Same meaning as inverse_event_shape_tensor. May be only partially defined.

Args:

  • output_shape: TensorShape indicating event-portion shape passed into inverse function.

Returns:

  • inverse_event_shape_tensor: TensorShape indicating event-portion shape after applying inverse. Possibly unknown.

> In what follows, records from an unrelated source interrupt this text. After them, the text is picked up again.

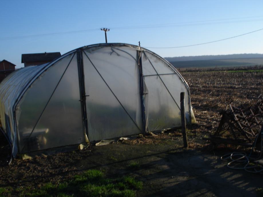 Prodajm kvalitetan plastenik od čeličnih pocinčani cijevi dužine cca 25 metara , širine 4,50 metra , visine 2,30 metra u sljemenu te 1 metar u najnižem dijelu . Lukovi su dužine 8 metara 16 komada te bočne stranice sa troja vrata . Po vrhu sa unutarnje strane ide pocinčana cijev za stabilizaciju te se na njima nalaze slavine za zaljevanje . Plastenik je vrlo aero dinamičan te nikada nije bilo ama baš nikakvih problema sa bilo kojom jačino vjetra . Prodajm ga jer nam više ne koristi , ne bavimo se više uzgojem povrča .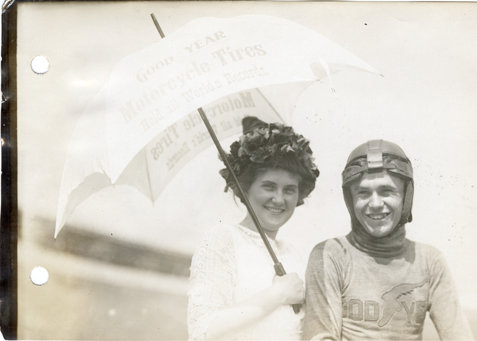 Close-up view of a woman and motorcyclist posing under an umbrella during the 1912 Federation of American Motorcyclists meet in Columbus, Ohio. "Goodyear motorcycle tires hold all world's records" is lettered on umbrella. Stamped on back: "Spooner & Wells, Inc., photographers, 1231 Woodward Ave., Detroit, Mich., telephone North 1745." Handwritten on back: "Federation American Motorcyclists, Columbus, Ohio, 1912."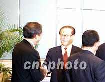 应邀出席《财富》全球论坛香港年会的中国国家主席江泽民,8日下午在香港会展中心会见了与会的世界知名企业家和香港工商界代表。江泽民与代表一一亲切握手、寒暄。中新社图 张朔 摄

tf.contrib.distributions.bijectors.AbsoluteValue.inverse_event_shape_tensor

inverse_event_shape_tensor(
    output_shape,
    name='inverse_event_shape_tensor'
)

Shape of a single sample from a single batch as an int32 1D Tensor.

Args:

  • output_shape: Tensor, int32 vector indicating event-portion shape passed into inverse function.
  • name: name to give to the op

Returns:

  • inverse_event_shape_tensor: Tensor, int32 vector indicating event-portion shape after applying inverse.

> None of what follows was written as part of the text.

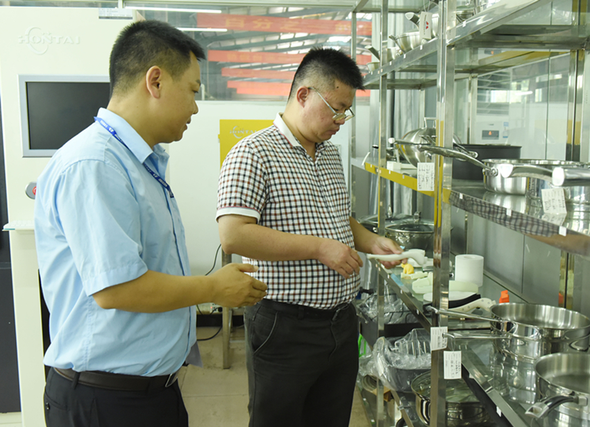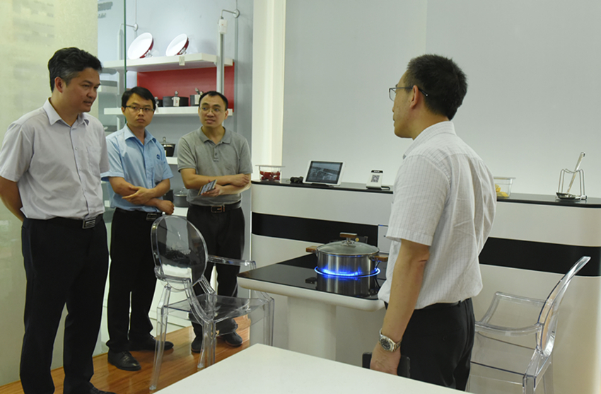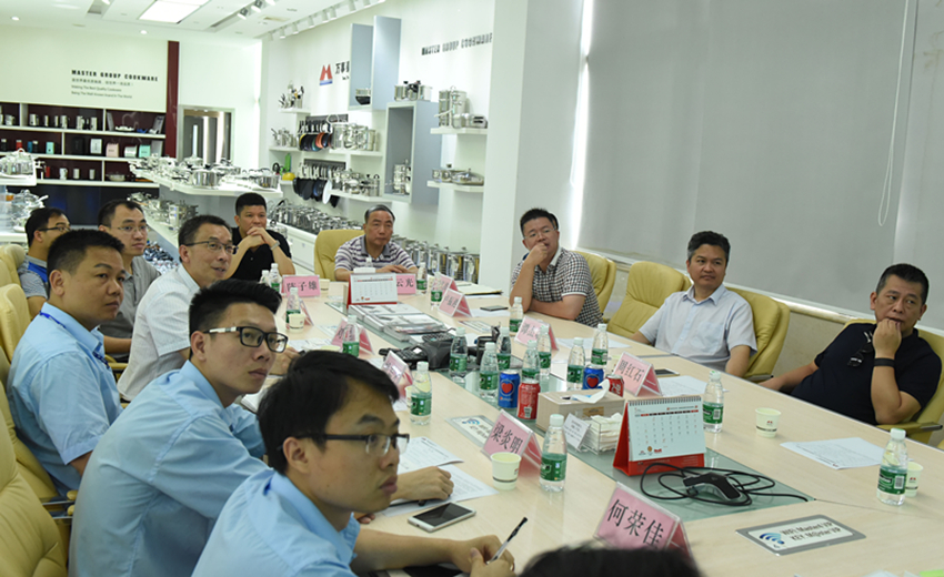谭杰斌一行先后来到集团检测中心、省级技术中心以及四楼产品展示厅,并在四楼展示厅开展“工业设计调研”座谈会。

tf.contrib.distributions.bijectors.AbsoluteValue.inverse_log_det_jacobian

inverse_log_det_jacobian(
    y,
    event_ndims,
    name='inverse_log_det_jacobian'
)

Returns the (log o det o Jacobian o inverse)(y).

Mathematically, returns: log(det(dX/dY))(Y). (Recall that: X=g^{-1}(Y).)

Note that forward_log_det_jacobian is the negative of this function, evaluated at g^{-1}(y).

Args:

  • y: Tensor. The input to the "inverse" Jacobian determinant evaluation.
  • event_ndims: Number of dimensions in the probabilistic events being transformed. Must be greater than or equal to self.inverse_min_event_ndims. The result is summed over the final dimensions to produce a scalar Jacobian determinant for each event, i.e. it has shape y.shape.ndims - event_ndims dimensions.
  • name: The name to give this op.

Returns:

Tensor, if this bijector is injective. If not injective, returns the tuple of local log det Jacobians, log(det(Dg_i^{-1}(y))), where g_i is the restriction of g to the ith partition Di.

Raises:

  • TypeError: if self.dtype is specified and y.dtype is not self.dtype.
  • NotImplementedError: if _inverse_log_det_jacobian is not implemented.